1. Create a `.env` file in the root directory:

```bash
cp env.example .env
```

## Usage

### Configuration

Configure API keys, model names, and other settings by editing the `.env` file:

```bash
# OpenAI Configuration
OPENAI__API_KEY=your_openai_api_key_here
OPENAI__MODEL=gpt-4o-mini
OPENAI__TEMPERATURE=0.0
OPENAI__MAX_TOKENS=1500

# Neo4j Configuration
NEO4J__URI=bolt://localhost:7687
NEO4J__USERNAME=neo4j
NEO4J__PASSWORD=your_neo4j_password
NEO4J__DATABASE=neo4j

# Qdrant Configuration
QDRANT__URL=http://localhost:6333
QDRANT__API_KEY=your_qdrant_api_key
QDRANT__COLLECTION_NAME=biomedical_papers
QDRANT__EMBEDDING_MODEL=text-embedding-3-small
QDRANT__EMBEDDING_DIMENSION=1536

# PubMed Configuration (optional)
PUBMED__EMAIL=your_email@example.com
PUBMED__API_KEY=your_pubmed_api_key

# Data Paths
JSON_DATA__PUBMED_JSON_PATH=data/pubmed_dataset.json
JSON_DATA__GENE_JSON_PATH=data/gene_dataset.json
```

### Data Collection

The system includes data collectors for biomedical and gene datasets:

```bash
# Collect PubMed papers and metadata
make pubmed-data-collector-run
```

```bash
# Collect gene information related to the pubmed dataset
make gene-data-collector-run
```

### Infrastructure Setup

#### Neo4j Graph Database

```bash
# Create the knowledge graph from datasets
make create-graph

# Delete all graph data (clean slate)
make delete-graph
```

#### Qdrant Vector Database

```bash
# Create vector collection for embeddings
make create-qdrant-collection

# Ingest embeddings into Qdrant
make ingest-qdrant-data

# Delete vector collection
make delete-qdrant-collection
```

### Query Commands

#### Qdrant Vector Search

```bash
# Run a custom query on the Qdrant vector store
make custom-qdrant-query QUESTION="Which institutions have collaborated most frequently on papers about 'Gene Editing' and 'Immunotherapy'?"

# Or run directly with the CLI
uv run src/biomedical_graphrag/application/cli/query_vectorstore.py --ask "Which institutions have collaborated most frequently on papers about 'Gene Editing' and 'Immunotherapy'?"
```

#### Hybrid Neo4j + Qdrant Queries

```bash
# Run example queries on the Neo4j graph using GraphRAG
make example-graph-query

# Run a custom natural language query using hybrid GraphRAG
make custom-graph-query QUESTION="What are the latest research trends in cancer immunotherapy?"

# Or run directly with the CLI
uv run src/biomedical_graphrag/application/cli/fusion_query.py "What are the latest research trends in cancer immunotherapy?"
```

#### Available Query Types

**Qdrant Queries:**

- Semantic search across paper abstracts and content
- Similarity-based retrieval using embeddings
- Direct vector similarity queries

**Hybrid Queries:**

- Combines semantic search (Qdrant) with graph enrichment (Neo4j):
- Author collaboration networks
- Citation analysis and paper relationships
- Gene-paper associations
- MeSH term relationships
- Institution affiliations
- LLM-powered automatic tool selection

#### Sample Queries

- Who collaborates with Jennifer Doudna on CRISPR research?
Which researchers work with Emmanuelle Charpentier on gene editing or genome engineering papers?

- Who are George Church’s collaborators publishing on synthetic biology and genome sequencing?

- List scientists collaborating with Feng Zhang on neuroscience studies

- Which papers are related to PMID 31295471 based on shared MeSH terms?

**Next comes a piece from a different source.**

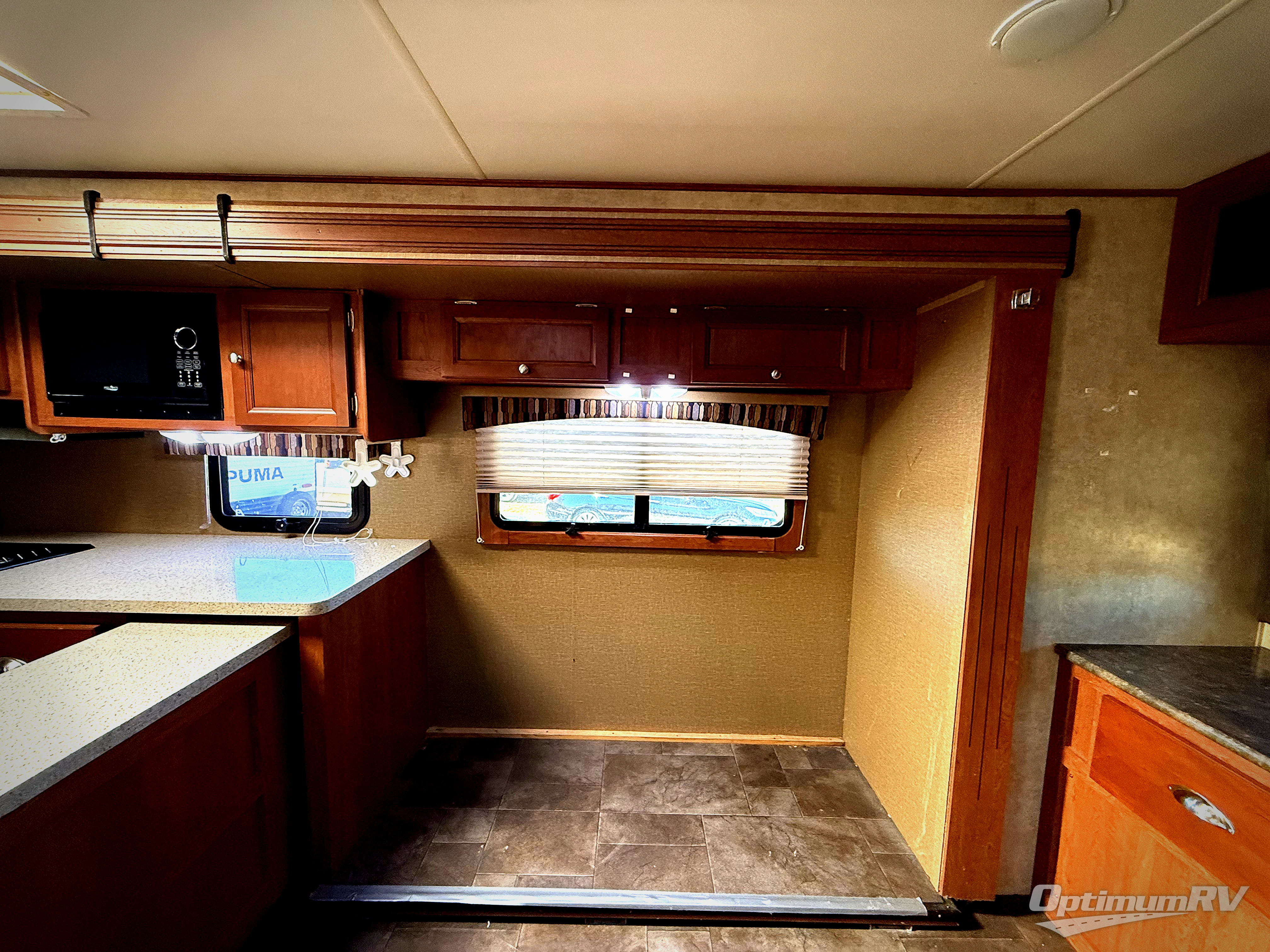 Coleman Travel Trailer w/Rear Entertainment w/Full Wall Unit w/Overhead Cabinets, LCD TV, Fireplace Below, Slideout w/Sofa/L-Counter w/Dbl. Kitchen Sink, 3 Burner Range, Microwave & Pantry, Slideout w/2 Lounge Chairs & Booth Dinette w/Overhead Storage, Side Aisle Bath w/Angle Shower, Toilet & Sink w/Linen Cabinet, Front Queen Bed w/Wardrobes Both Sides, Overhead and Front Exterior Storage and More!

- Find papers similar to the CRISPR-Cas9 genome editing study with PMID 31295471

- Show other studies linked by MeSH terms to PMID 27562951

- Which genes are mentioned in the same papers as gag?

- What genes appear together with HIF1A in cancer research?

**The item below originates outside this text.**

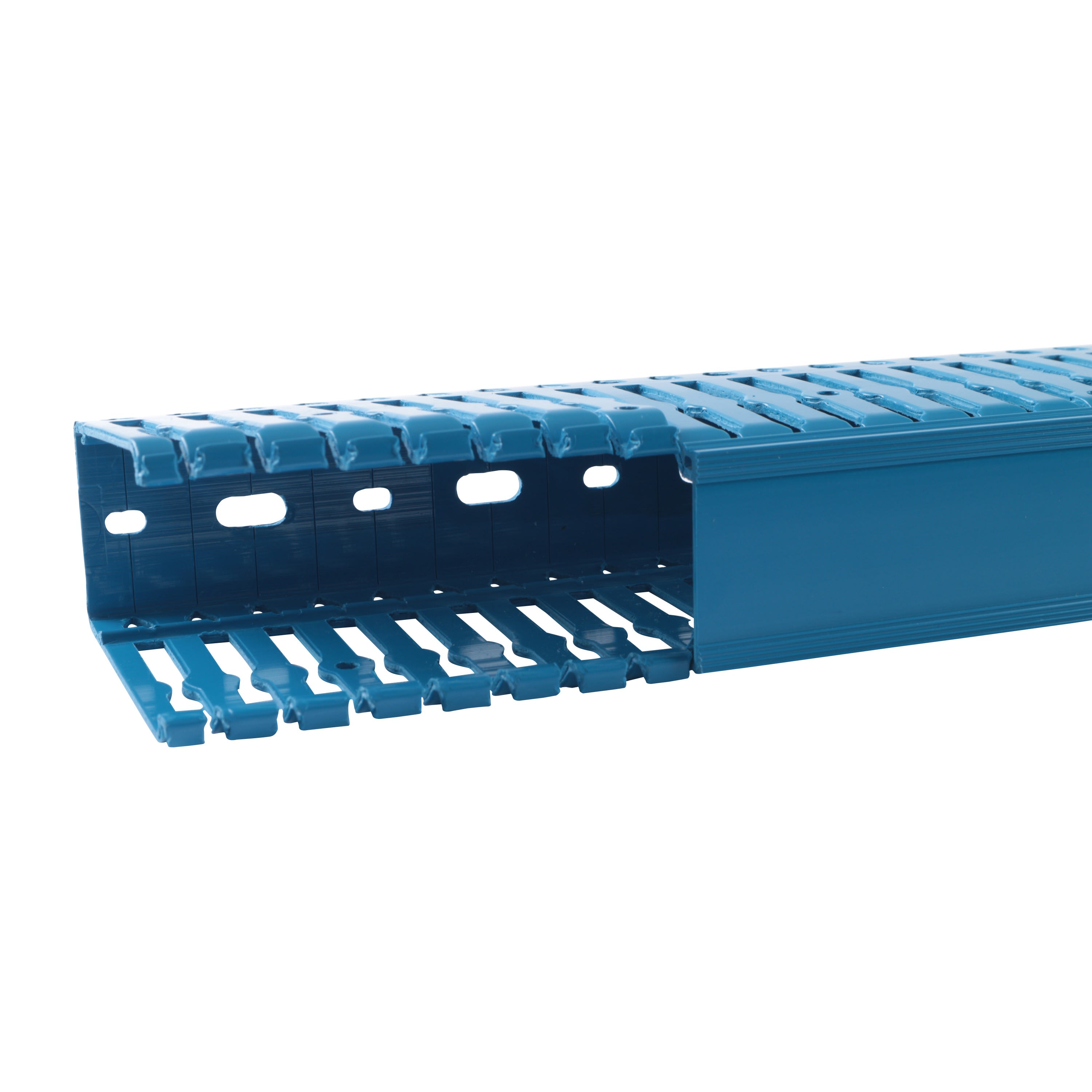 Goulotte sans halogène Bleu - PC/ABS Dimensions : - Largeur 40mm- Hauteur 80mm- Perforations latérales au pas de 12,5mm (6/6,5)- Présenté en longueur de 2m Bandes blanches sur couvercle pour repérage par gravure ou écriture au feutre indélébile Conforme à la norme EN 50085-2-3

- Which genes are frequently co-mentioned with TP53?

### Testing

Run all tests:

```bash
make tests
```

### Quality Checks

Run all quality checks (lint, format, type check, clean):

```bash
make all-check
make all-fix
```

Individual Commands:

- Display all available commands:

```bash
make help
```

- Check code static typing

```bash
make mypy
```

- Clean cache and build files:

```bash
make clean
```

## License

This project is licensed under the MIT License - see the [LICENSE](LICENSE) file for details.